GIVEN MATERIAL:
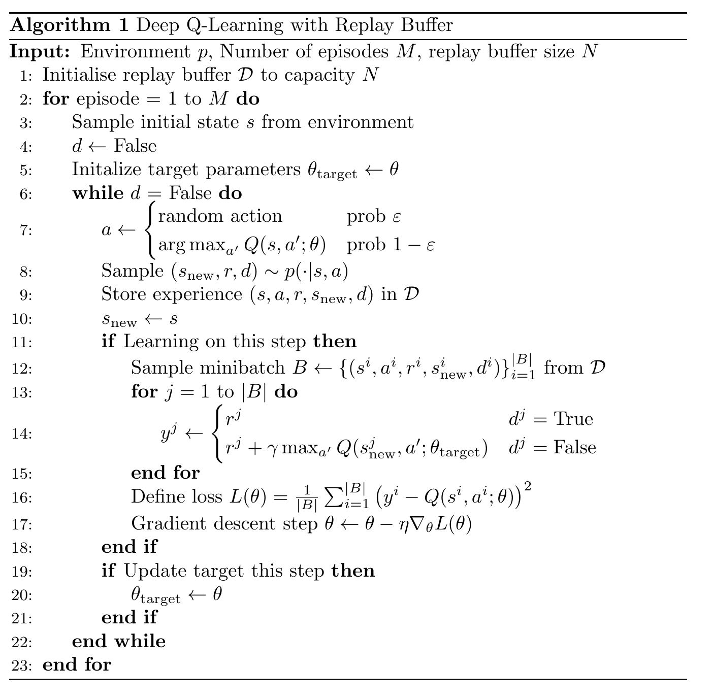 In RL, the distribution of experiences $e_t = (s_t, a_t, r_{t+1}, s_{t+1})$ to train from depend on the policy $\pi$ followed, which depends on the current state of the Q-value network, so DQN is always chasing a moving target. This is why the training loss curve isn't going to have a nice steady decrease like in supervised learning. We will extend experiences to $e_t = (s_t, a_t, r_{t+1}, s_{t+1}, d_{t+1})$. Here, $d_{t+1}$ is a boolean indicating that $s_{t+1}$ is a terminal observation, and that no further interaction happened beyond $s_{t+1}$ in the episode from which it was generated.
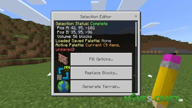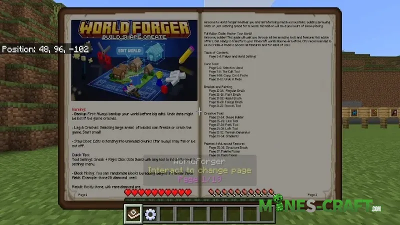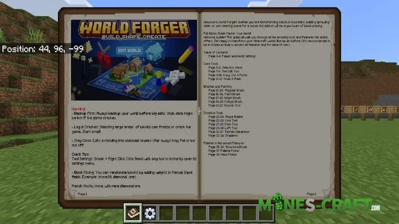 World Forger is a World Edit add-on for Minecraft: Bedrock 26.13 that offers advanced world editing tools and advanced building capabilities. The add-on is available for 990 coins, so if the free version of World Edit isnt enough for you and you have a few Minecraft coins to spare, go for World Forger.
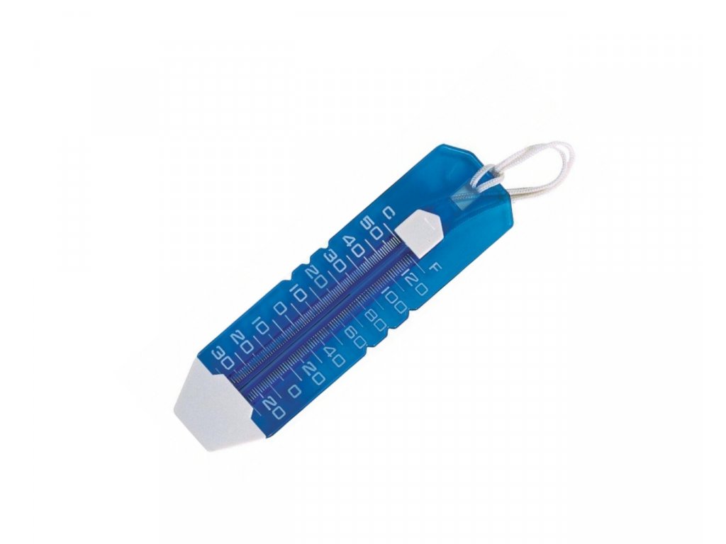 Slouží k měření teploty bazénové vody, doplněn provázkem k upevnění např. ke schůdkům
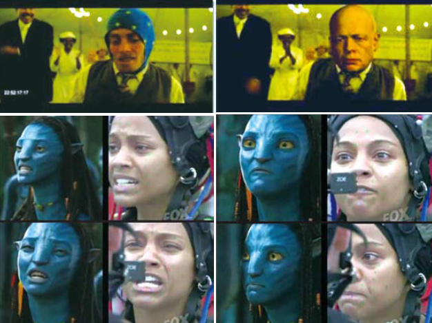 在拍攝取樣皮膚貼圖時,僅有Specular的部分可以見到的細節,所以他們發明了light stage這樣的機器,利用閃光取樣360度的人。若欲去除閃光於皮膚所產生的局部high light,拍攝時可以利用偏光鏡來濾光。Bump Mapping可以取樣皮膚上凹凸的表面。Emily高幾何數量模型有300萬面,作動畫用的低幾何數量模型僅5萬面。善用Normal mapping與Displace mapping。眼睛與嘴巴是motion capture的弱點,但卻是人類表情非常重要的部分。「班傑明的奇幻旅程」電影裡的前52分中的主角的臉部都是由CG做出來的。

PROBLEM TO SOLVE: No pictures should appear in the copy, which holds exactly the lines from the first line of the data through the line with "World Forger is" and nothing else.

OUTPUT BELOW:
 In RL, the distribution of experiences $e_t = (s_t, a_t, r_{t+1}, s_{t+1})$ to train from depend on the policy $\pi$ followed, which depends on the current state of the Q-value network, so DQN is always chasing a moving target. This is why the training loss curve isn't going to have a nice steady decrease like in supervised learning. We will extend experiences to $e_t = (s_t, a_t, r_{t+1}, s_{t+1}, d_{t+1})$. Here, $d_{t+1}$ is a boolean indicating that $s_{t+1}$ is a terminal observation, and that no further interaction happened beyond $s_{t+1}$ in the episode from which it was generated.
 World Forger is a World Edit add-on for Minecraft: Bedrock 26.13 that offers advanced world editing tools and advanced building capabilities. The add-on is available for 990 coins, so if the free version of World Edit isnt enough for you and you have a few Minecraft coins to spare, go for World Forger.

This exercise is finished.